Only lines holding "your" are needed; copy each of them from the data below.

Stored data
--------------------------------
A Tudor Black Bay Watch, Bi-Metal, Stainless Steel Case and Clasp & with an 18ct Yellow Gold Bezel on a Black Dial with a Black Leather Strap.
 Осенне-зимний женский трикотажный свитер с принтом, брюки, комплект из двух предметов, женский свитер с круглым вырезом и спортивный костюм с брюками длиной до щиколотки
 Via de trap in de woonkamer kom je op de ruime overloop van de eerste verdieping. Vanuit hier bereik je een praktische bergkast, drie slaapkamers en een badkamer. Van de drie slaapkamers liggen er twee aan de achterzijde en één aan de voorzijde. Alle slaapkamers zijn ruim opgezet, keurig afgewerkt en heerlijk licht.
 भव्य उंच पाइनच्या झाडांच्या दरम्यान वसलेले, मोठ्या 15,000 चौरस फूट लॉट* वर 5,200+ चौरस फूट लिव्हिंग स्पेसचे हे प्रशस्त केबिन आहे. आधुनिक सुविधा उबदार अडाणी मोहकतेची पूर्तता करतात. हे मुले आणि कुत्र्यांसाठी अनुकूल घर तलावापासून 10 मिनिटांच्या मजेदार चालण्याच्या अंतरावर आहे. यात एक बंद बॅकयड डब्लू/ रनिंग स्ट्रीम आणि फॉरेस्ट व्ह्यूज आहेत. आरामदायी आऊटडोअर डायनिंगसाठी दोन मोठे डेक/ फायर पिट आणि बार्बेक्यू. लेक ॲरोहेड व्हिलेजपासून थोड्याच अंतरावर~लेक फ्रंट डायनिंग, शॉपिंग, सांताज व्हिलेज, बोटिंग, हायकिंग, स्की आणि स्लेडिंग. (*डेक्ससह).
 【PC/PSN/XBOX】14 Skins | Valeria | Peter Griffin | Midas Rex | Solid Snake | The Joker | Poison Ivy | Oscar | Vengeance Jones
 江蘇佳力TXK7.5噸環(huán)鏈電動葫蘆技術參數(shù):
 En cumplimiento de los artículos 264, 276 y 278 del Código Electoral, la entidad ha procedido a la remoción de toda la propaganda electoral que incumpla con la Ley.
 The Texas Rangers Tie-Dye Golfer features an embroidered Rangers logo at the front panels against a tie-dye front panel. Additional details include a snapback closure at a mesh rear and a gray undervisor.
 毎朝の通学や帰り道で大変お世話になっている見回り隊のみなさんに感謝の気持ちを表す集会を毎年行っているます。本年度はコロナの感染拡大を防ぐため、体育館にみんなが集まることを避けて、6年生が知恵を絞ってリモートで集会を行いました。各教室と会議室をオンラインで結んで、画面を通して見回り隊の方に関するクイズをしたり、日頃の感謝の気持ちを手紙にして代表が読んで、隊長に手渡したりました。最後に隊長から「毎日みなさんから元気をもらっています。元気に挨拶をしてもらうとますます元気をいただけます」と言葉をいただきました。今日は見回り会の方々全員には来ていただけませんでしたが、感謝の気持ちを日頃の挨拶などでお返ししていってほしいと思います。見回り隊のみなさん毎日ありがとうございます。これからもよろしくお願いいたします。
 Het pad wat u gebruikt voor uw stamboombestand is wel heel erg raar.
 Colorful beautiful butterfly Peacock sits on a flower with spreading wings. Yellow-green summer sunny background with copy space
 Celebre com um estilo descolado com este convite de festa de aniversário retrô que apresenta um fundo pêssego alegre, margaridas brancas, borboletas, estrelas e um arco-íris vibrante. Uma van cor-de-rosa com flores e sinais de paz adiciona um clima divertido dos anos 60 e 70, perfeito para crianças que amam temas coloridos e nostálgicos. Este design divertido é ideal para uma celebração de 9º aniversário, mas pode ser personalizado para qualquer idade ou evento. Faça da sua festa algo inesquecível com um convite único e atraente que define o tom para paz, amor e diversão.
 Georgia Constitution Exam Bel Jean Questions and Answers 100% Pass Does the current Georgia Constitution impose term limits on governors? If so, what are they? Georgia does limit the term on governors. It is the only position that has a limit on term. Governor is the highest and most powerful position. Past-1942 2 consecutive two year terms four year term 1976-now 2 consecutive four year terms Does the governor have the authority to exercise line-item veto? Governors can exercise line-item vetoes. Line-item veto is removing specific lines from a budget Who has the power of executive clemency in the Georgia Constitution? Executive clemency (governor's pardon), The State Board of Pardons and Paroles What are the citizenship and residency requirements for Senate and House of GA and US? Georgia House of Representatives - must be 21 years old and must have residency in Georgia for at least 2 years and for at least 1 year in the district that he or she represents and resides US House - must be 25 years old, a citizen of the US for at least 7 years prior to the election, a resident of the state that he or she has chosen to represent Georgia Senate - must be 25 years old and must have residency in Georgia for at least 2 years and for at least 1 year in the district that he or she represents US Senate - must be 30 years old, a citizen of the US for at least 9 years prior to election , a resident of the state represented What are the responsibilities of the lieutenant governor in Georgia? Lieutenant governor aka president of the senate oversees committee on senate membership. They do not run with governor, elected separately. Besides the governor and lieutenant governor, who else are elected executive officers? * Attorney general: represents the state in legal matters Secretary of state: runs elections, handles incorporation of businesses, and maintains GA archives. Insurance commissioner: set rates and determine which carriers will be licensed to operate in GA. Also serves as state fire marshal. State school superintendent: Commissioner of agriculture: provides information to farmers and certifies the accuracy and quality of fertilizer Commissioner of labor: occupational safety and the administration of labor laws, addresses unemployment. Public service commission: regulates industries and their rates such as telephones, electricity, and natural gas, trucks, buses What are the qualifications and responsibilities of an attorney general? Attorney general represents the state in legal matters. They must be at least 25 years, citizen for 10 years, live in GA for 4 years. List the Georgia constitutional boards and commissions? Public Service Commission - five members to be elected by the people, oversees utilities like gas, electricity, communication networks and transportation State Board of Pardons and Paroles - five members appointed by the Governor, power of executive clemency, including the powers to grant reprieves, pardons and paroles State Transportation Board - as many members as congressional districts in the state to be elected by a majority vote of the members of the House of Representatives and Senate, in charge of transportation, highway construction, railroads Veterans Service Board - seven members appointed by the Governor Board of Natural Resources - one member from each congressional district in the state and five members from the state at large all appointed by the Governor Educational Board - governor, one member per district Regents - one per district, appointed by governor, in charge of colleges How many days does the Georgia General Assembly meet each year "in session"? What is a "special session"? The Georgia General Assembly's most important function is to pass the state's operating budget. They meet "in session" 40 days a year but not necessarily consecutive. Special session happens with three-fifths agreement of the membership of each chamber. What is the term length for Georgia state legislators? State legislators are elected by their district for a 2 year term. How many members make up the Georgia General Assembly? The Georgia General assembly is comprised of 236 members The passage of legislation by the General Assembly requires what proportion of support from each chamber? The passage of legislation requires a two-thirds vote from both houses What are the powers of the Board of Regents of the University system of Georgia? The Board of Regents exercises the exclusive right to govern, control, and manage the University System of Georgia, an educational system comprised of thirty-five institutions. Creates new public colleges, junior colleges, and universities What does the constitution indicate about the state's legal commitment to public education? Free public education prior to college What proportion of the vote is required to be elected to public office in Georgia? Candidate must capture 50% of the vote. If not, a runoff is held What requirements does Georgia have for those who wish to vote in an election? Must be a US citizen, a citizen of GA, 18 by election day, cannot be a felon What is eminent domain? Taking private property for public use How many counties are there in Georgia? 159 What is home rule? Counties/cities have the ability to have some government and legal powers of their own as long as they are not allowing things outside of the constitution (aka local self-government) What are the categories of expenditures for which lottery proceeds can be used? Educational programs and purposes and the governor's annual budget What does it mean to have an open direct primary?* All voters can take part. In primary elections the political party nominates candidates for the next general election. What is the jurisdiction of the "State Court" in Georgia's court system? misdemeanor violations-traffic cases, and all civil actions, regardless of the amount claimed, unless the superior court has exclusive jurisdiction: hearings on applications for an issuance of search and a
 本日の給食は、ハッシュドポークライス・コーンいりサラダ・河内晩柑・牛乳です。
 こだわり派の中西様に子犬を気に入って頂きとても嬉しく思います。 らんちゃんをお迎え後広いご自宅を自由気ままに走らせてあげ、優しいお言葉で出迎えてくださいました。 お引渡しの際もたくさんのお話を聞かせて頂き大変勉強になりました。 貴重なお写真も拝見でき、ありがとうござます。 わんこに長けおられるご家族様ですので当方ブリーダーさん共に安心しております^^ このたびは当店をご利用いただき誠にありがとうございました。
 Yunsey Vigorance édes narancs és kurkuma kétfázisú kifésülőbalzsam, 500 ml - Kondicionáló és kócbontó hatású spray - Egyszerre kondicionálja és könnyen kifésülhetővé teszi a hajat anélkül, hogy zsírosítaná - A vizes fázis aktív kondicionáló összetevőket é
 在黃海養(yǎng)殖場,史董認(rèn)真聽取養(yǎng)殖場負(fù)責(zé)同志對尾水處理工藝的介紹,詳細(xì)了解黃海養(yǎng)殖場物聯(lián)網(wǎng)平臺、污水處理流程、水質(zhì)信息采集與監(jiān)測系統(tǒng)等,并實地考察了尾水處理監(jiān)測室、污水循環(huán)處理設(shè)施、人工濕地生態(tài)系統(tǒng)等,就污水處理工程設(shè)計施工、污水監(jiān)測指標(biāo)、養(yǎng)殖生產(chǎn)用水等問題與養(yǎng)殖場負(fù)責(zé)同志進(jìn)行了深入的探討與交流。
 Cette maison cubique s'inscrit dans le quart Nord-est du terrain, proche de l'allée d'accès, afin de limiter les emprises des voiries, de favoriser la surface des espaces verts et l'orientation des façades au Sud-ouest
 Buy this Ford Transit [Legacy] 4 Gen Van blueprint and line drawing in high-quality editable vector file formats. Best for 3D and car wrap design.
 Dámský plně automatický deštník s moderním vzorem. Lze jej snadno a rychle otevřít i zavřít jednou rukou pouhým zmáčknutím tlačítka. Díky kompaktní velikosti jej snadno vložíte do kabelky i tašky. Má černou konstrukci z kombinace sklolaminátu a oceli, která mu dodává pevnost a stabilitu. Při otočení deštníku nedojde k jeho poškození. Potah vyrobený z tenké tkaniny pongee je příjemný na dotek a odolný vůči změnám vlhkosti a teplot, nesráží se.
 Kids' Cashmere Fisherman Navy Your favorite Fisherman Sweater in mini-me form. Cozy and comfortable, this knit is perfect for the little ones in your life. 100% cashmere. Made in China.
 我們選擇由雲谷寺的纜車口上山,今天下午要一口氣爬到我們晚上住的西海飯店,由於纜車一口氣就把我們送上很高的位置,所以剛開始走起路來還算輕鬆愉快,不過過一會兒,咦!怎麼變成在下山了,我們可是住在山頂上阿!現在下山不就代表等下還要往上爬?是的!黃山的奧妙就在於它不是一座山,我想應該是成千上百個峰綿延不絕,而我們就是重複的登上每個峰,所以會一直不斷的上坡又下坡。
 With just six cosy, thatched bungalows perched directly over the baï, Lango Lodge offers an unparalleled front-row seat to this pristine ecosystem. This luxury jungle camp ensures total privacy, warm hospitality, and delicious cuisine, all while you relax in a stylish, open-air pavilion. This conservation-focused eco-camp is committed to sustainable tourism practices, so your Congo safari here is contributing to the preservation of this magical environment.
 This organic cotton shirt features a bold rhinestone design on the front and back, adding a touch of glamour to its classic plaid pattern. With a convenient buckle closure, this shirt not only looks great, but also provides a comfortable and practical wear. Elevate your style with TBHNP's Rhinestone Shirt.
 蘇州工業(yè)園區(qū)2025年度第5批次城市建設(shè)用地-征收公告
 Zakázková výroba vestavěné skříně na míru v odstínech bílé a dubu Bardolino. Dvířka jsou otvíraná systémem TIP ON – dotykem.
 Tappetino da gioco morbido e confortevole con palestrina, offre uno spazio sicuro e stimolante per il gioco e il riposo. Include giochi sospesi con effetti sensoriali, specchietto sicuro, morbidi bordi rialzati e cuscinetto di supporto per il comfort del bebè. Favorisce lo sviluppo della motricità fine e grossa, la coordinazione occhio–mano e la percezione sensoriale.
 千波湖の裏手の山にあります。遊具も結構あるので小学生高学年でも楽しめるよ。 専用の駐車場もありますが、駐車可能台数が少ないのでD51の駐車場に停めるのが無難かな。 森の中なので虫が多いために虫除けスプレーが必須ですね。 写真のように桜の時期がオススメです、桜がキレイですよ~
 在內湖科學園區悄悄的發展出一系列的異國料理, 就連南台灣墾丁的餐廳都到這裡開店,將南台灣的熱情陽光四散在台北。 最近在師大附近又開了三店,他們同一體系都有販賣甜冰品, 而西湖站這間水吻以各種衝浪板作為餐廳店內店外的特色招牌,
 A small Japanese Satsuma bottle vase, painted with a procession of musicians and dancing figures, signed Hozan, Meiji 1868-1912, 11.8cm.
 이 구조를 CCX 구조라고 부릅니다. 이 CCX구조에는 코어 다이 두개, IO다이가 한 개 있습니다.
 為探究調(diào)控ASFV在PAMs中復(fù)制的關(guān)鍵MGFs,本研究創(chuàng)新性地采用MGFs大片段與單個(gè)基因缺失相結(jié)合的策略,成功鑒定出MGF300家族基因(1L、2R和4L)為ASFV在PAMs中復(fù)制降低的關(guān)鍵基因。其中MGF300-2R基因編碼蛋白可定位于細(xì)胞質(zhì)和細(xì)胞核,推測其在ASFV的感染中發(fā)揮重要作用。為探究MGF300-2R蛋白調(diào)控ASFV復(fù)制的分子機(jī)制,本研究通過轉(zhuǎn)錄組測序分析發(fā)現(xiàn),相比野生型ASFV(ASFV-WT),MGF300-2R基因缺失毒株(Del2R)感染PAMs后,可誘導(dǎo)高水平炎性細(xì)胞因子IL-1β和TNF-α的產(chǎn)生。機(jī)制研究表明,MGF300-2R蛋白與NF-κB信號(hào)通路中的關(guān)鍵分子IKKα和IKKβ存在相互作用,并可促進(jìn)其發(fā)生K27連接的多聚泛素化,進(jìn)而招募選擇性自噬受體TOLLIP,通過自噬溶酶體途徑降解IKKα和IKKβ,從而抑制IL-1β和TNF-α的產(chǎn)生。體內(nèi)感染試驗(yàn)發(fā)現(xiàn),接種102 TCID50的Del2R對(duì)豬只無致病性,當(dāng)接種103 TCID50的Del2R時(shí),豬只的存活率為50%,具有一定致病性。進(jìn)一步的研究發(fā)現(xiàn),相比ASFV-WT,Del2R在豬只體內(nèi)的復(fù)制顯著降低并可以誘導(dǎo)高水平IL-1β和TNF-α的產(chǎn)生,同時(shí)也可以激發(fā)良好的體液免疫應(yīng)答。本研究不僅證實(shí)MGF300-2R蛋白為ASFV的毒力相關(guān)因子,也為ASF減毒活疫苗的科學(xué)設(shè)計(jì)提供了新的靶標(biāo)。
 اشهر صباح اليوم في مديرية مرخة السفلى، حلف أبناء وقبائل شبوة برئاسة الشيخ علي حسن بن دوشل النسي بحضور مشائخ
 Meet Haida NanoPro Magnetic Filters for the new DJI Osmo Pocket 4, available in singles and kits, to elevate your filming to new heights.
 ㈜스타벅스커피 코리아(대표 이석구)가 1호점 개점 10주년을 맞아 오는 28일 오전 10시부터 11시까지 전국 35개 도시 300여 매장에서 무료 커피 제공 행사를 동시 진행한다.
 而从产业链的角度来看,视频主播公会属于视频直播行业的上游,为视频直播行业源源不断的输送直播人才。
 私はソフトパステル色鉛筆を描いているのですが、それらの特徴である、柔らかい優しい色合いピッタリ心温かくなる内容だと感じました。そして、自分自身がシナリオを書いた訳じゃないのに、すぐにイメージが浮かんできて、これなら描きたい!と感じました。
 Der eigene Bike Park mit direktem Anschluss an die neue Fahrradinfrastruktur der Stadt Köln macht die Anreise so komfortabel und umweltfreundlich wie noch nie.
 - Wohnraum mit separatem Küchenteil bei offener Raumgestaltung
--------------------------------
*Output:*
 Kids' Cashmere Fisherman Navy Your favorite Fisherman Sweater in mini-me form. Cozy and comfortable, this knit is perfect for the little ones in your life. 100% cashmere. Made in China.
 With just six cosy, thatched bungalows perched directly over the baï, Lango Lodge offers an unparalleled front-row seat to this pristine ecosystem. This luxury jungle camp ensures total privacy, warm hospitality, and delicious cuisine, all while you relax in a stylish, open-air pavilion. This conservation-focused eco-camp is committed to sustainable tourism practices, so your Congo safari here is contributing to the preservation of this magical environment.
 This organic cotton shirt features a bold rhinestone design on the front and back, adding a touch of glamour to its classic plaid pattern. With a convenient buckle closure, this shirt not only looks great, but also provides a comfortable and practical wear. Elevate your style with TBHNP's Rhinestone Shirt.
 Meet Haida NanoPro Magnetic Filters for the new DJI Osmo Pocket 4, available in singles and kits, to elevate your filming to new heights.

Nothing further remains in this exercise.